■ **Problem to work on**
With nothing left out, repeat every entry exactly.

---------------

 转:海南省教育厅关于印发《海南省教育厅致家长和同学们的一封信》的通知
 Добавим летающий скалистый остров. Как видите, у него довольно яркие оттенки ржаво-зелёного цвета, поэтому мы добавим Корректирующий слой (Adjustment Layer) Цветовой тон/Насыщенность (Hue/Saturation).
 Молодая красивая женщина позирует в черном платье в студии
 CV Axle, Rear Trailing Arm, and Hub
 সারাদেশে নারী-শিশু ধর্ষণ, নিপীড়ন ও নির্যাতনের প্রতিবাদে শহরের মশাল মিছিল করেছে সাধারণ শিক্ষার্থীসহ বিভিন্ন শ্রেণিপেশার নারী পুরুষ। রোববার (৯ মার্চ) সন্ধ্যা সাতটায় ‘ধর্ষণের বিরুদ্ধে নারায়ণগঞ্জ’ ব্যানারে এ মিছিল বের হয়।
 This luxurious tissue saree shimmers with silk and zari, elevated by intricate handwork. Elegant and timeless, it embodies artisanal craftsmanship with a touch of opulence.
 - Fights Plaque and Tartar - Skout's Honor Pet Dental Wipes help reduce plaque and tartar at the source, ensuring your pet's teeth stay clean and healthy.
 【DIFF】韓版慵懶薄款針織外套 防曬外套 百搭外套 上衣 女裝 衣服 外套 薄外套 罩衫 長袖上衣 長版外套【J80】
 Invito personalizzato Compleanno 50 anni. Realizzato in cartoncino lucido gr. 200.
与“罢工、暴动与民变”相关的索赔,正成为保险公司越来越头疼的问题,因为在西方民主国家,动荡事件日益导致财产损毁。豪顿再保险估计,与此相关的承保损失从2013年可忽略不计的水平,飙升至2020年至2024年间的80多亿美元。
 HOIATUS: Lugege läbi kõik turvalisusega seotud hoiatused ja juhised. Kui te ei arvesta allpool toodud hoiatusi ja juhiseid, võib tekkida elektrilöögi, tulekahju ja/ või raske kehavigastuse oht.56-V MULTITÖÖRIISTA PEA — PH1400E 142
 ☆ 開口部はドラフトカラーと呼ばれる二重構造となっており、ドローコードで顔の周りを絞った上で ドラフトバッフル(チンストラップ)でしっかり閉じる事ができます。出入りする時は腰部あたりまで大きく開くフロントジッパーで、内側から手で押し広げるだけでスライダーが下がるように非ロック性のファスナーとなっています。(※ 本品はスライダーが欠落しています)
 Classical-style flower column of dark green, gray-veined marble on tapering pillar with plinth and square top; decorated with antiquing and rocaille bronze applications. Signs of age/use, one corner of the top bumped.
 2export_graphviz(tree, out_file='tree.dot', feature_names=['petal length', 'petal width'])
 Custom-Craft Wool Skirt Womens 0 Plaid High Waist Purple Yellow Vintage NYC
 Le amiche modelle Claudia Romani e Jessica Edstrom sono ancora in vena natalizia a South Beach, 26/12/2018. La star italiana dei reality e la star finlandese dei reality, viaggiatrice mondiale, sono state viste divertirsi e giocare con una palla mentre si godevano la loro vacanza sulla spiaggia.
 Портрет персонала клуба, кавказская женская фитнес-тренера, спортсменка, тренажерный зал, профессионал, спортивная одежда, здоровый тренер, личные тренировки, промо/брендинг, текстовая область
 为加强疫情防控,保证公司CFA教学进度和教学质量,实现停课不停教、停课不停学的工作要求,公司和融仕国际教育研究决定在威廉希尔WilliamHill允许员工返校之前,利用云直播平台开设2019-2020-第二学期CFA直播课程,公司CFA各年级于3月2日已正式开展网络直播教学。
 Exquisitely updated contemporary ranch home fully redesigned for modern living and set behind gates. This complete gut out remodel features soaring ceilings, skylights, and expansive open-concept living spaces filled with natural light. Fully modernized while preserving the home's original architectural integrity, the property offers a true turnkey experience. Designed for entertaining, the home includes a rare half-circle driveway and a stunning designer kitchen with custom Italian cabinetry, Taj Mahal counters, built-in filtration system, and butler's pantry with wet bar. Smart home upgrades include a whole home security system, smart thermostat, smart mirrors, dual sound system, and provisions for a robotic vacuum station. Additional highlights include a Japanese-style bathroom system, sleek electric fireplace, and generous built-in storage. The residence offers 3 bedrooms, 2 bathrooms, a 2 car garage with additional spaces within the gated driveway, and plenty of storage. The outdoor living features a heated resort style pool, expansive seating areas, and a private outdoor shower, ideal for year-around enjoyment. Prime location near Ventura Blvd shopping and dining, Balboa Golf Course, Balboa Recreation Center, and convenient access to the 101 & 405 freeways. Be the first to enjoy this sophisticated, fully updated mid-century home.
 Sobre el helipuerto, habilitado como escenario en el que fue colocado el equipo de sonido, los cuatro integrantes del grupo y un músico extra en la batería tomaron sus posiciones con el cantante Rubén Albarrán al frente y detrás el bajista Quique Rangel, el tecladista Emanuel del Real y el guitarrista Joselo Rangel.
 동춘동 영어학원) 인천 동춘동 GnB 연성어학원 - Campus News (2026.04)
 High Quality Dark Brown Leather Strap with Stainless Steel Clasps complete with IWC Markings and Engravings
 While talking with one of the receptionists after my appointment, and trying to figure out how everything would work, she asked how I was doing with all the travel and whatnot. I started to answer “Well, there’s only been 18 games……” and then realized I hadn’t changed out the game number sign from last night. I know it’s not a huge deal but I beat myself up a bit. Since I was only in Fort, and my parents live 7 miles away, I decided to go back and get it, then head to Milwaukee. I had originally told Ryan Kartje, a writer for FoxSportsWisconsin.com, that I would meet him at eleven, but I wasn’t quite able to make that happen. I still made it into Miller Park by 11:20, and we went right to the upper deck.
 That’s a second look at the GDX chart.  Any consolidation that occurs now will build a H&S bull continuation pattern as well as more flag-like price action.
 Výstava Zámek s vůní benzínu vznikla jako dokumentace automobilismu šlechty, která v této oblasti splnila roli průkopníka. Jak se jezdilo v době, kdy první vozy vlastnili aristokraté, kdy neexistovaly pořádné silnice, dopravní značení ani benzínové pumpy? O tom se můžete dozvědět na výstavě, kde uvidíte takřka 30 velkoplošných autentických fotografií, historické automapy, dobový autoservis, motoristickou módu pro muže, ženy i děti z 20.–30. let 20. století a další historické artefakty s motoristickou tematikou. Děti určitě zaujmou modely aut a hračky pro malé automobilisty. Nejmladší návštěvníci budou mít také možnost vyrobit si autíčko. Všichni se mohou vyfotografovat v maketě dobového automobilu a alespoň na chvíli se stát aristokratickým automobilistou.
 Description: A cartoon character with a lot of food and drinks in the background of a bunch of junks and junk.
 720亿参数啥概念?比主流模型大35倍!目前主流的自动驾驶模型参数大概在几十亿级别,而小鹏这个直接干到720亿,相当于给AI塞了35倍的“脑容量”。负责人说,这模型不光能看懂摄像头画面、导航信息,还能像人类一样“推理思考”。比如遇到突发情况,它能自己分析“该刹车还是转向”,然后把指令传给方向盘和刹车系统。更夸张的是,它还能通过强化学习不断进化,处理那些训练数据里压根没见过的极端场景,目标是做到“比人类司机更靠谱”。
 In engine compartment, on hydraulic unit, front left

---------------

■ **Answer below**
 转:海南省教育厅关于印发《海南省教育厅致家长和同学们的一封信》的通知
 Добавим летающий скалистый остров. Как видите, у него довольно яркие оттенки ржаво-зелёного цвета, поэтому мы добавим Корректирующий слой (Adjustment Layer) Цветовой тон/Насыщенность (Hue/Saturation).
 Молодая красивая женщина позирует в черном платье в студии
 CV Axle, Rear Trailing Arm, and Hub
 সারাদেশে নারী-শিশু ধর্ষণ, নিপীড়ন ও নির্যাতনের প্রতিবাদে শহরের মশাল মিছিল করেছে সাধারণ শিক্ষার্থীসহ বিভিন্ন শ্রেণিপেশার নারী পুরুষ। রোববার (৯ মার্চ) সন্ধ্যা সাতটায় ‘ধর্ষণের বিরুদ্ধে নারায়ণগঞ্জ’ ব্যানারে এ মিছিল বের হয়।
 This luxurious tissue saree shimmers with silk and zari, elevated by intricate handwork. Elegant and timeless, it embodies artisanal craftsmanship with a touch of opulence.
 - Fights Plaque and Tartar - Skout's Honor Pet Dental Wipes help reduce plaque and tartar at the source, ensuring your pet's teeth stay clean and healthy.
 【DIFF】韓版慵懶薄款針織外套 防曬外套 百搭外套 上衣 女裝 衣服 外套 薄外套 罩衫 長袖上衣 長版外套【J80】
 Invito personalizzato Compleanno 50 anni. Realizzato in cartoncino lucido gr. 200.
与“罢工、暴动与民变”相关的索赔,正成为保险公司越来越头疼的问题,因为在西方民主国家,动荡事件日益导致财产损毁。豪顿再保险估计,与此相关的承保损失从2013年可忽略不计的水平,飙升至2020年至2024年间的80多亿美元。
 HOIATUS: Lugege läbi kõik turvalisusega seotud hoiatused ja juhised. Kui te ei arvesta allpool toodud hoiatusi ja juhiseid, võib tekkida elektrilöögi, tulekahju ja/ või raske kehavigastuse oht.56-V MULTITÖÖRIISTA PEA — PH1400E 142
 ☆ 開口部はドラフトカラーと呼ばれる二重構造となっており、ドローコードで顔の周りを絞った上で ドラフトバッフル(チンストラップ)でしっかり閉じる事ができます。出入りする時は腰部あたりまで大きく開くフロントジッパーで、内側から手で押し広げるだけでスライダーが下がるように非ロック性のファスナーとなっています。(※ 本品はスライダーが欠落しています)
 Classical-style flower column of dark green, gray-veined marble on tapering pillar with plinth and square top; decorated with antiquing and rocaille bronze applications. Signs of age/use, one corner of the top bumped.
 2export_graphviz(tree, out_file='tree.dot', feature_names=['petal length', 'petal width'])
 Custom-Craft Wool Skirt Womens 0 Plaid High Waist Purple Yellow Vintage NYC
 Le amiche modelle Claudia Romani e Jessica Edstrom sono ancora in vena natalizia a South Beach, 26/12/2018. La star italiana dei reality e la star finlandese dei reality, viaggiatrice mondiale, sono state viste divertirsi e giocare con una palla mentre si godevano la loro vacanza sulla spiaggia.
 Портрет персонала клуба, кавказская женская фитнес-тренера, спортсменка, тренажерный зал, профессионал, спортивная одежда, здоровый тренер, личные тренировки, промо/брендинг, текстовая область
 为加强疫情防控,保证公司CFA教学进度和教学质量,实现停课不停教、停课不停学的工作要求,公司和融仕国际教育研究决定在威廉希尔WilliamHill允许员工返校之前,利用云直播平台开设2019-2020-第二学期CFA直播课程,公司CFA各年级于3月2日已正式开展网络直播教学。
 Exquisitely updated contemporary ranch home fully redesigned for modern living and set behind gates. This complete gut out remodel features soaring ceilings, skylights, and expansive open-concept living spaces filled with natural light. Fully modernized while preserving the home's original architectural integrity, the property offers a true turnkey experience. Designed for entertaining, the home includes a rare half-circle driveway and a stunning designer kitchen with custom Italian cabinetry, Taj Mahal counters, built-in filtration system, and butler's pantry with wet bar. Smart home upgrades include a whole home security system, smart thermostat, smart mirrors, dual sound system, and provisions for a robotic vacuum station. Additional highlights include a Japanese-style bathroom system, sleek electric fireplace, and generous built-in storage. The residence offers 3 bedrooms, 2 bathrooms, a 2 car garage with additional spaces within the gated driveway, and plenty of storage. The outdoor living features a heated resort style pool, expansive seating areas, and a private outdoor shower, ideal for year-around enjoyment. Prime location near Ventura Blvd shopping and dining, Balboa Golf Course, Balboa Recreation Center, and convenient access to the 101 & 405 freeways. Be the first to enjoy this sophisticated, fully updated mid-century home.
 Sobre el helipuerto, habilitado como escenario en el que fue colocado el equipo de sonido, los cuatro integrantes del grupo y un músico extra en la batería tomaron sus posiciones con el cantante Rubén Albarrán al frente y detrás el bajista Quique Rangel, el tecladista Emanuel del Real y el guitarrista Joselo Rangel.
 동춘동 영어학원) 인천 동춘동 GnB 연성어학원 - Campus News (2026.04)
 High Quality Dark Brown Leather Strap with Stainless Steel Clasps complete with IWC Markings and Engravings
 While talking with one of the receptionists after my appointment, and trying to figure out how everything would work, she asked how I was doing with all the travel and whatnot. I started to answer “Well, there’s only been 18 games……” and then realized I hadn’t changed out the game number sign from last night. I know it’s not a huge deal but I beat myself up a bit. Since I was only in Fort, and my parents live 7 miles away, I decided to go back and get it, then head to Milwaukee. I had originally told Ryan Kartje, a writer for FoxSportsWisconsin.com, that I would meet him at eleven, but I wasn’t quite able to make that happen. I still made it into Miller Park by 11:20, and we went right to the upper deck.
 That’s a second look at the GDX chart.  Any consolidation that occurs now will build a H&S bull continuation pattern as well as more flag-like price action.
 Výstava Zámek s vůní benzínu vznikla jako dokumentace automobilismu šlechty, která v této oblasti splnila roli průkopníka. Jak se jezdilo v době, kdy první vozy vlastnili aristokraté, kdy neexistovaly pořádné silnice, dopravní značení ani benzínové pumpy? O tom se můžete dozvědět na výstavě, kde uvidíte takřka 30 velkoplošných autentických fotografií, historické automapy, dobový autoservis, motoristickou módu pro muže, ženy i děti z 20.–30. let 20. století a další historické artefakty s motoristickou tematikou. Děti určitě zaujmou modely aut a hračky pro malé automobilisty. Nejmladší návštěvníci budou mít také možnost vyrobit si autíčko. Všichni se mohou vyfotografovat v maketě dobového automobilu a alespoň na chvíli se stát aristokratickým automobilistou.
 Description: A cartoon character with a lot of food and drinks in the background of a bunch of junks and junk.
 720亿参数啥概念?比主流模型大35倍!目前主流的自动驾驶模型参数大概在几十亿级别,而小鹏这个直接干到720亿,相当于给AI塞了35倍的“脑容量”。负责人说,这模型不光能看懂摄像头画面、导航信息,还能像人类一样“推理思考”。比如遇到突发情况,它能自己分析“该刹车还是转向”,然后把指令传给方向盘和刹车系统。更夸张的是,它还能通过强化学习不断进化,处理那些训练数据里压根没见过的极端场景,目标是做到“比人类司机更靠谱”。
 In engine compartment, on hydraulic unit, front left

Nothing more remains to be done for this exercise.